When the husband realises he’s been “caught” he cringes with guilt, averts his gaze, then attempts to placate his aggravated wife with a shrug intended to convey his both his apology, and his helplessness in the face of his nature.

What I immediately saw in this small scenario was a deeply embedded heterosexual cultural belief that it is wrong for men to look at women other than their partners with admiration or any form of desire, and it is the female partner’s job to police his gaze and wrangle him back under control.

Frankly, I’m sick to death of this infantilising by women of men. They are such children they must be micro managed and surveilled by their female partners to the point where looking at another woman is a cause for her anger and his guilt? Are even children subjected to such an intensity of repressive surveillance?

Haven’t we got anything better to do? I mean, really. Haven’t we? We must be mummy-wives for our entire lives?

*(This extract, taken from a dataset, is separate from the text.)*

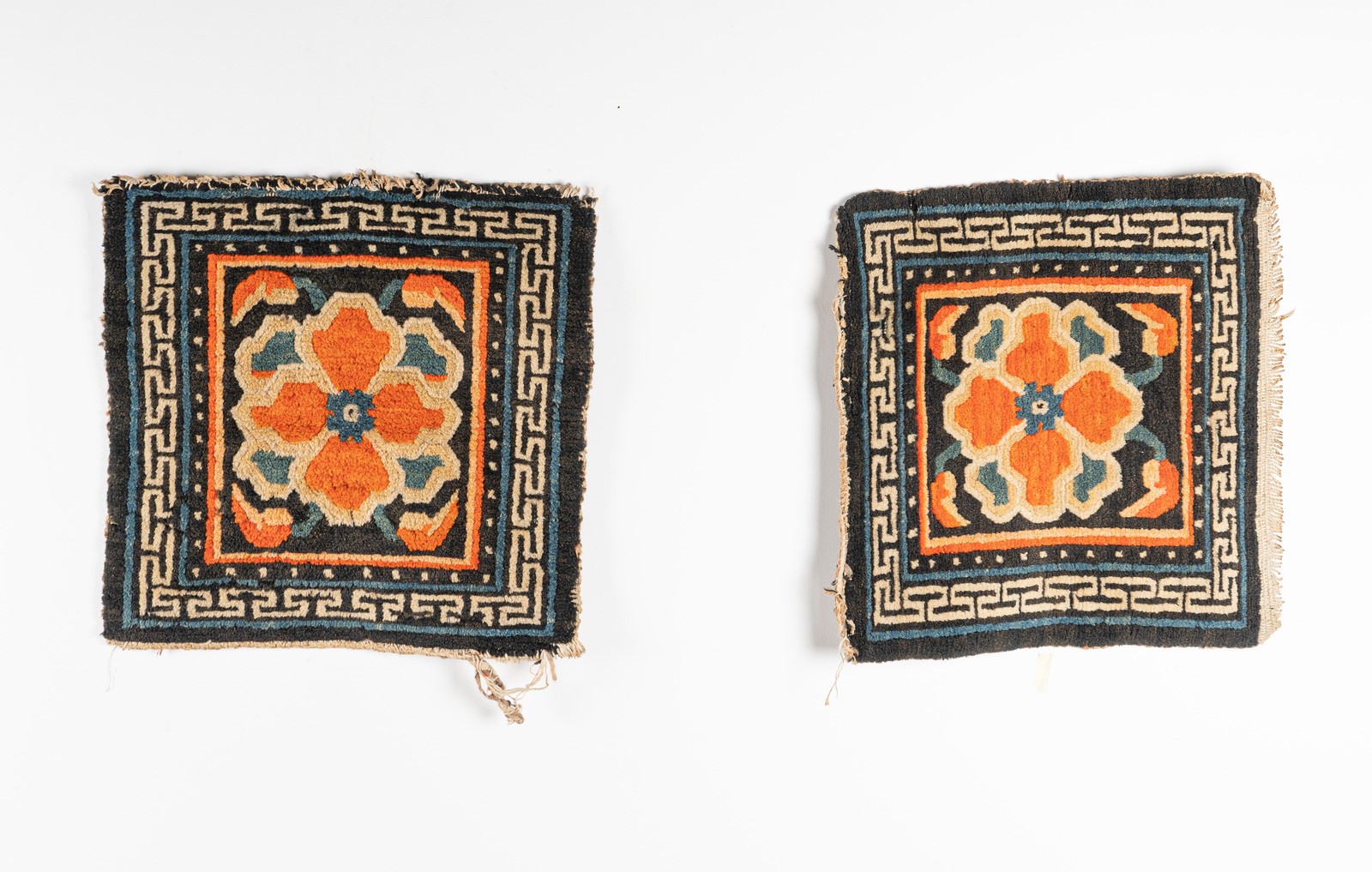 Himalayan Art A pair of carpets depicting lotus flowers Tibet, early 20th century . . Cm 48,00 x 48,00.

According to the advertising industry, which one imagines has its finger on the majority pulse, yes we must.

I’m not sure about how this works in reverse. There is a prevalent myth that women are not as visually sexually stimulated as are men, so our gaze is not as inclined to wander. However, I would vigorously contest that myth. I think women are very capable of experiencing and enjoying visual stimulation, but we aren’t supposed to be. It’s another of those culturally imposed gendered beliefs that are attributed to biology, the “nature” of things, essentialism: men get turned on by looking, women don’t. It’s elephant shit. I speak with the authority of personal experience. So instead of watching who he’s watching, get some visual pleasure of your own.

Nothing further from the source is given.